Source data
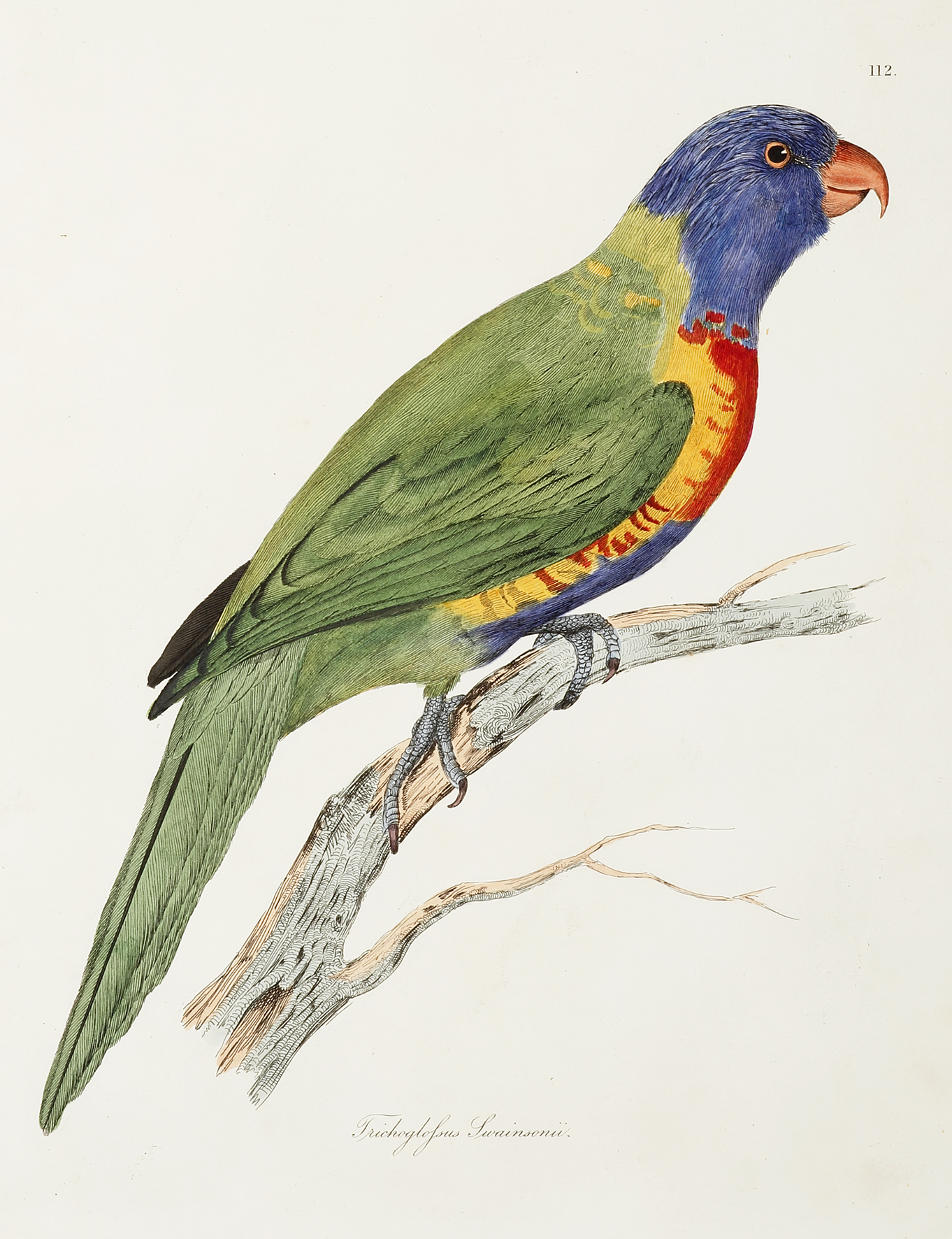 Superb hand coloured engraving of the Rainbow Lorikeet.
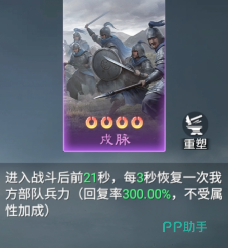 最后介绍“戌脉”技能卡,其具备强力的战斗中回血能力。在战斗进行至第21秒后触发,之后每3秒为我方武将恢复相当于兵力数值300%的生命值。值得注意的是,该恢复效果不受其他属性加成影响,属于固定高效治疗手段,适合用于持久战阵容构建。
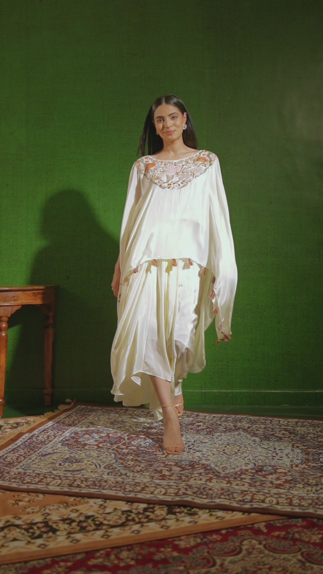 Introducing our Ivory embroidered habutai silk high-low kaftan. Expertly crafted with intricate sequin, bead, zari, aari and thread tassels. Paired with a matching solid crop top and asymmetrical pleated draped skirt. Apt for semi formal wear.
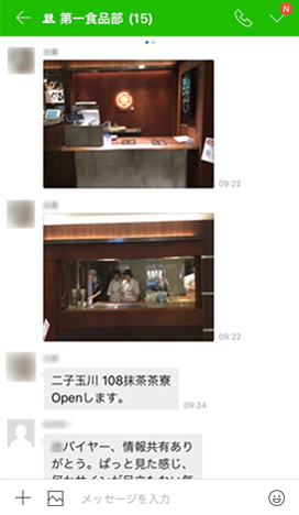 There are currently twenty-five employees of the Food Management Department, nine employees of the Information Systems Department and a total of fifty-seven employees are using LINE WORKS. Buyers also use LINE WORKS to share information in real-time. Specifically, they share new goods they found at the exhibits, conditions of retail stores while on business trips overseas, and display techniques of other company stores as future reference as well. The buyers also use the tool to share inspection results from business partner workshops.
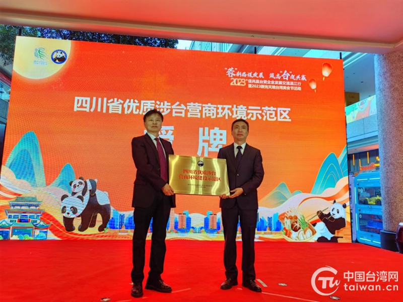 中国台湾网10月17日讯 在近日举办的台资企业发展交流温江行暨2023新光天地台湾美食节开幕式上,成都市温江区被四川省台办授予“四川省优质涉台营商环境建设示范区”。
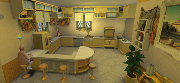 Here are photos of Tyrone & Ann Pleasant's home in Britechester. I kept the original Pleasant home build but remodeled each floor to make it more family friendly and put the staircases in an out-of-the way corner to get more usable space, especially on the main floor. Put a basement in for future use with space for family/rec room and future bedroom and bath. Am sharing the room photos here and plan to use 'overview' type photos to get the layout of each floor.
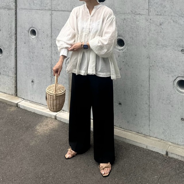 ペプラムトップスは時代遅れではなく、実はデザインが変わり再流行しています。最近の主流デザインは長め丈&ゆったりめシルエットのペプラムトップス。以前とは違い、ゆるっと着こなせるデザインにアップデートされています。
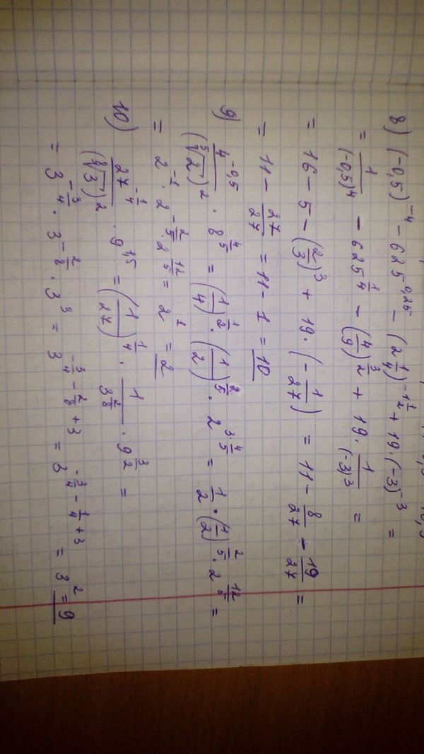 Вычислите 9^(3/2)+27^(2/3)-(1/16)^(-3/4)...
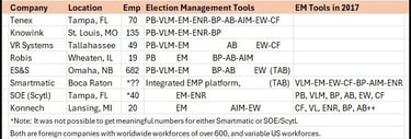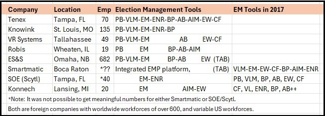 2) Many of the companies have very similar “Election Management” product lines, with similar features. And almost all are too small to have developed such advanced software independently. Could it be that some of the ETC companies who offer Elecronic Poll Books and Election Management Tools are leasing their software from the same company? Could it be that the company that developed these sophisticated tools wants to create the "illusion of choice" so their monopoly over Election Management software is not obvious?

__Aim of the task__: Give back, word for word, the lines from the line that contains "中国台湾网10月17日讯 在" through the last line of the records, with no pictures and nothing else.

__Reply to the task__:
 中国台湾网10月17日讯 在近日举办的台资企业发展交流温江行暨2023新光天地台湾美食节开幕式上,成都市温江区被四川省台办授予“四川省优质涉台营商环境建设示范区”。
 Here are photos of Tyrone & Ann Pleasant's home in Britechester. I kept the original Pleasant home build but remodeled each floor to make it more family friendly and put the staircases in an out-of-the way corner to get more usable space, especially on the main floor. Put a basement in for future use with space for family/rec room and future bedroom and bath. Am sharing the room photos here and plan to use 'overview' type photos to get the layout of each floor.
 ペプラムトップスは時代遅れではなく、実はデザインが変わり再流行しています。最近の主流デザインは長め丈&ゆったりめシルエットのペプラムトップス。以前とは違い、ゆるっと着こなせるデザインにアップデートされています。
 Вычислите 9^(3/2)+27^(2/3)-(1/16)^(-3/4)...
 2) Many of the companies have very similar “Election Management” product lines, with similar features. And almost all are too small to have developed such advanced software independently. Could it be that some of the ETC companies who offer Elecronic Poll Books and Election Management Tools are leasing their software from the same company? Could it be that the company that developed these sophisticated tools wants to create the "illusion of choice" so their monopoly over Election Management software is not obvious?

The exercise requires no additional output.